We calibrate our model to a real database that offers five types of services. The findings provided confirm that the advantage function, as defined by de Finetti, represents the main quantity to be controlled to define an optimal strategy. In the case of the HP, the positive correlation observed among branches represents another relevant element to be considered. As observable, in the following Fig. 3 we compare the set of optimal solutions obtained with \(\delta =0.60\).

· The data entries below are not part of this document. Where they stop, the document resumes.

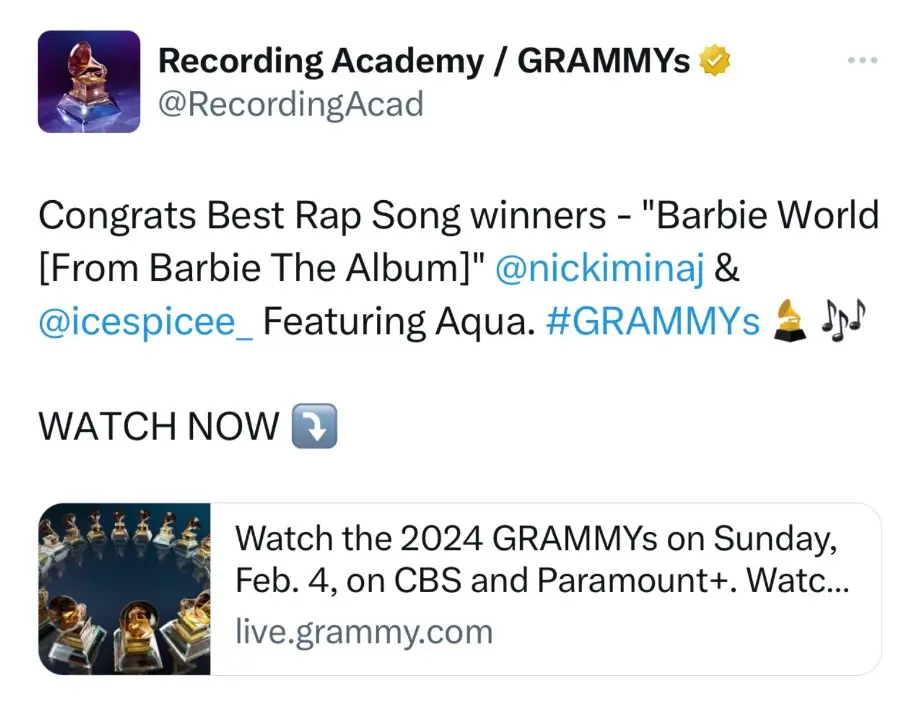 The original tweet announcing the incorrect winners was quickly replaced, but fans were quick to catch the mistake and criticized the Academy for the blunder. Despite the mix-up, Nicki Minaj, who had two nominations for "Barbie World," did not secure her first Grammy win.
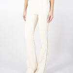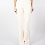 Pantaloni in crêpe stretch leggero con fascione in vita e gamba svasata al fondo. Il capo si distingue per i dettagli di piping a contrasto sui fianchi e nelle patte sul retro, per una nota grafica. Logo ricamato in filo su una patta.
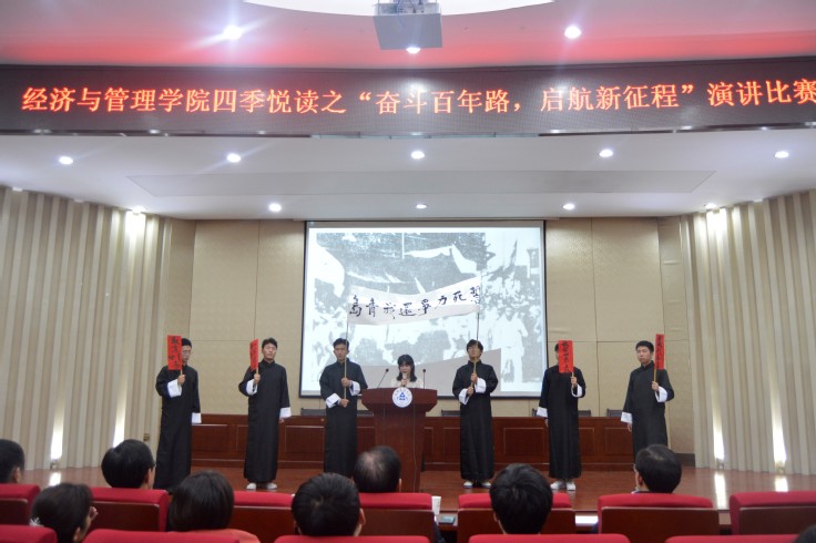 本网讯 为回顾中国共产党一百年光辉历史,弘扬伟大建党精神,强化青年使命担当,12月10日,经管学院在北区图书馆二楼报告厅举办“奋斗百年路,启航新征程”演讲比赛。校领导蔡新立和学院党政领导共同观看了本次活动。
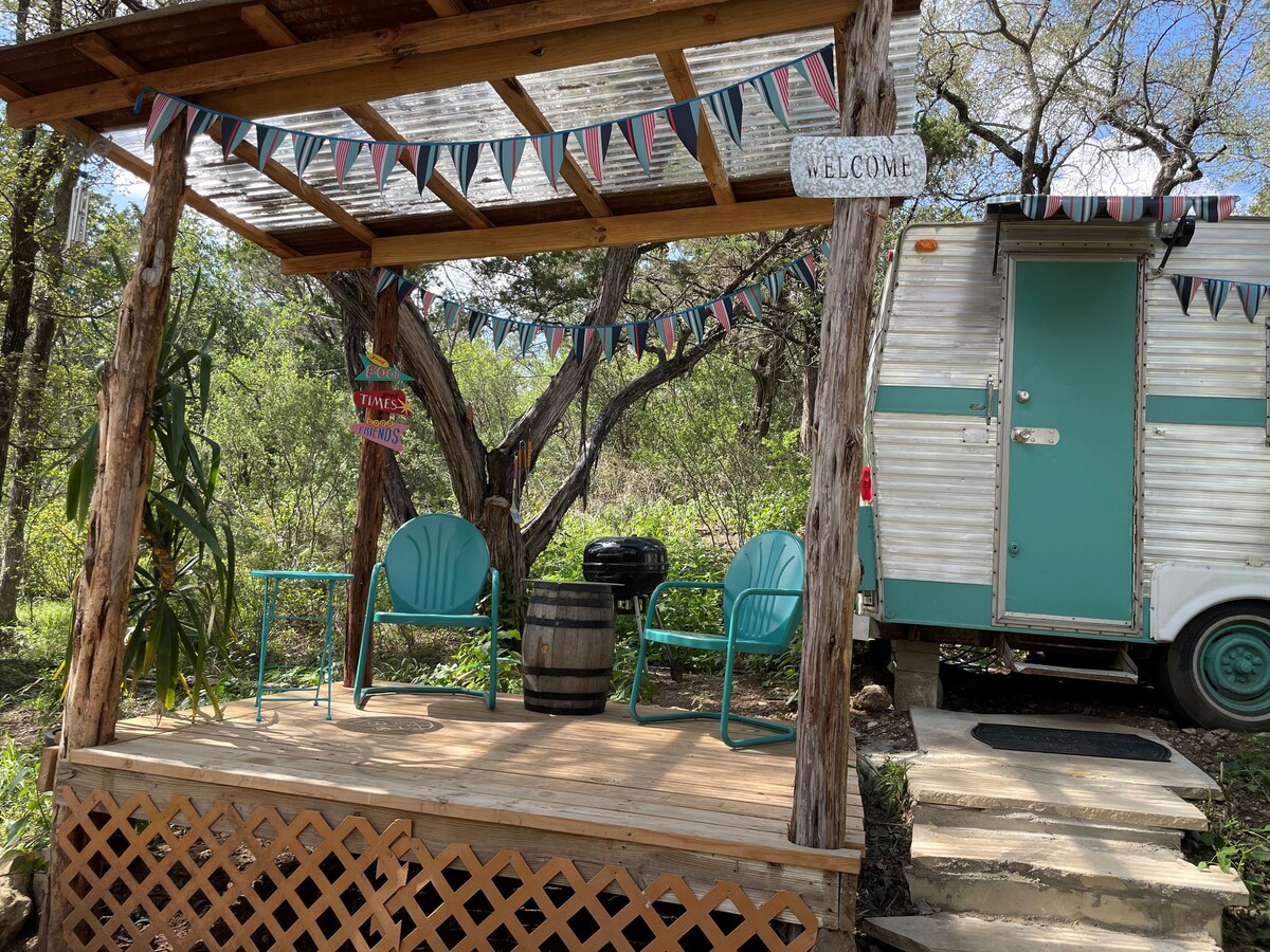 A new glamping retreat in the Hill Country located off Hwy 71 E near Lake Travis, Luck Ranch, and Krause Springs. We are surrounded by more than 100 vineyards and breweries. Our collection of 4 tiny cabins and 7 vintage RV's rest on 20 acres of countryside and is yours to explore (check out our other rentals on Airbnb as well). Build a fire, BBQ with friends, travel to surrounding local communities, Marble falls, Johnson City, Burnet, & Lampasas. Come escape and relax with us at Green Acres.
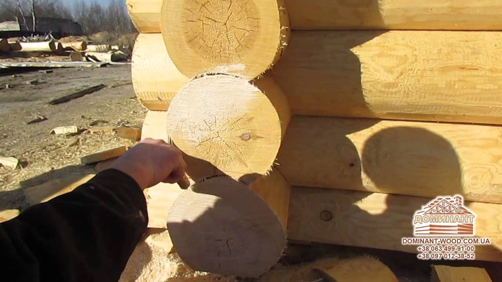 2. Компенсаційний паз. Щоб після рівномірного, атмосферного просушування в природних умовах зробити колоду ще стійкішою до зовнішніх впливів - на ній слід зробити спеціальний паз до торців уздовж всієї осьової поверхні. Такий пропил називають компенсаційним, тому що він знімає внутрішні напруження в колоді і виключає розрив волокон. Під час механічної обробки колод, компенсаційний паз виконується на верстаті. Пази вирізаються, як правило, у верхній частині, щоб направити тріщини при їх виникненні до верху. Тоді їх закриє паз верхнього колоди, захищаючи від проникнення вологи і утворення «містків холоду».
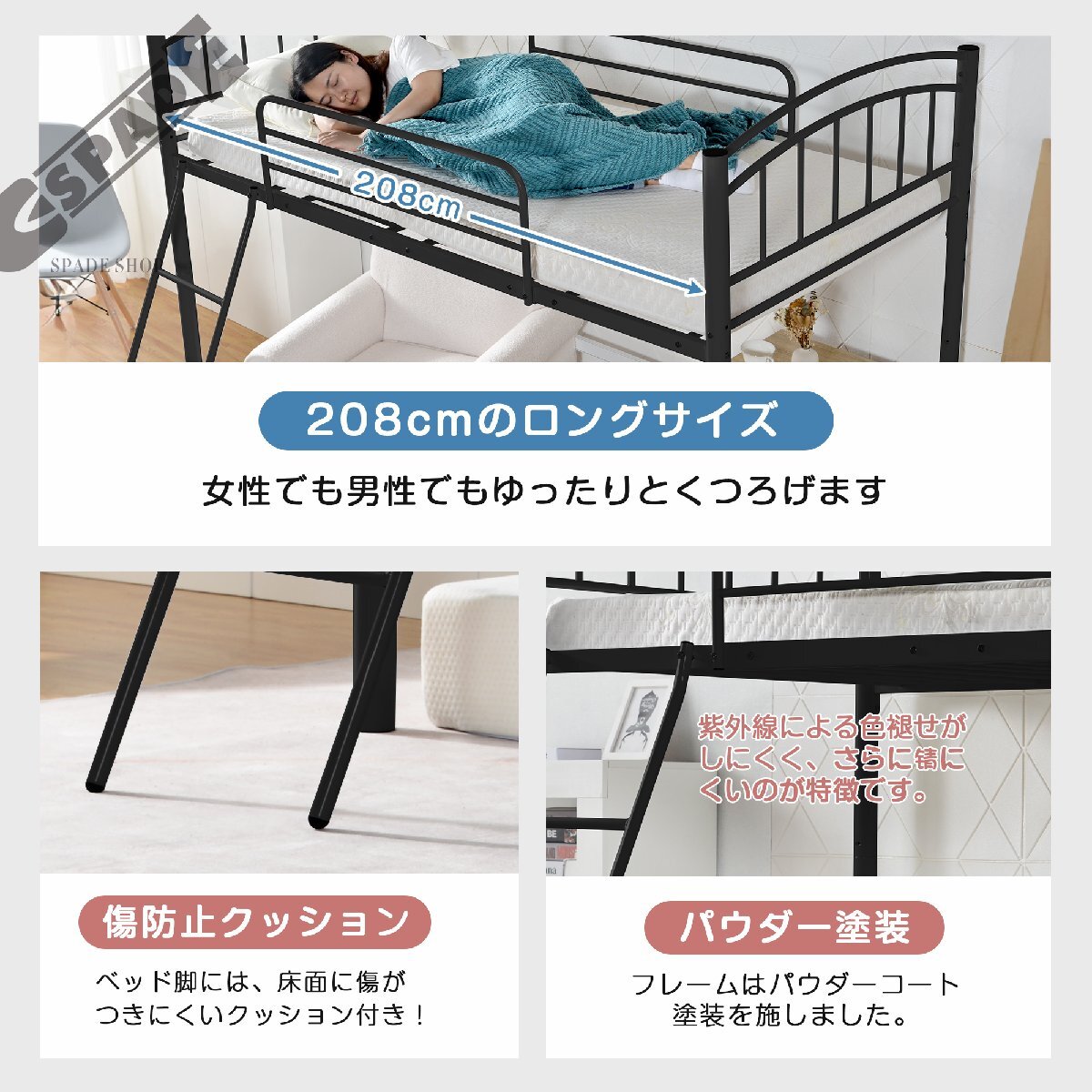 • Detail Point 1 208cmのロングサイズ 女性でも男性でもゆったりとくつろげます 2 傷防止クッション ベッド脚には、床面に傷がつきにくいクッション付き! 3 パウダー塗装 フレームはパウダーコート塗装を施しました。紫外線による色褪せがしにくく、さらににくいのが特徴です。
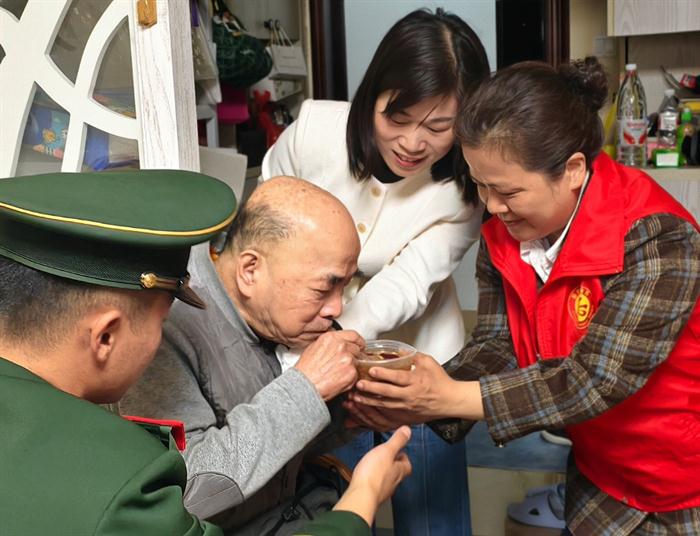 活动以上门慰问为主要形式,社区“青邻共享儿女”与各单位在职党员志愿者一同,为辖区长者送上热气腾腾、香甜醇厚的拗九粥,让老人们在传统节日里感受浓浓暖意。志愿者们重点走访慰问退伍老兵,同时悉心关怀高龄、独居、困难老人,与老兵们促膝长谈、认真倾听军旅岁月的动人故事,为他们送上节日祝福与崇高敬意,将社区的暖心关怀与尊崇之情切实送到老兵心坎上。此次活动以实际行动践行孝老爱亲、拥军优属的优良传统,坚守初心使命,让传统节日更有温度、更具力量。

The quantitative analysis shows that to obtain the same gain, the positive correlation cases require a greater reduction of IDR. In such cases, the IDR is reduced over \(50\%\) but this condition may be not feasible as the IDR or AV is a commonly used method by policyholders for scoring a health insurance plan.

In the US HP context, it is relevant that the IDR is not lower than 60% as stated in Obamacare (2010) to ensure that policyholder can have a proper insurance cover. This means that further researches can be addressed to use 60% as lower limit for \(\alpha \) in the optimization problem (14). Such new constraint will give a sub-optimal result but is more compliant with indications in Obamacare (2010).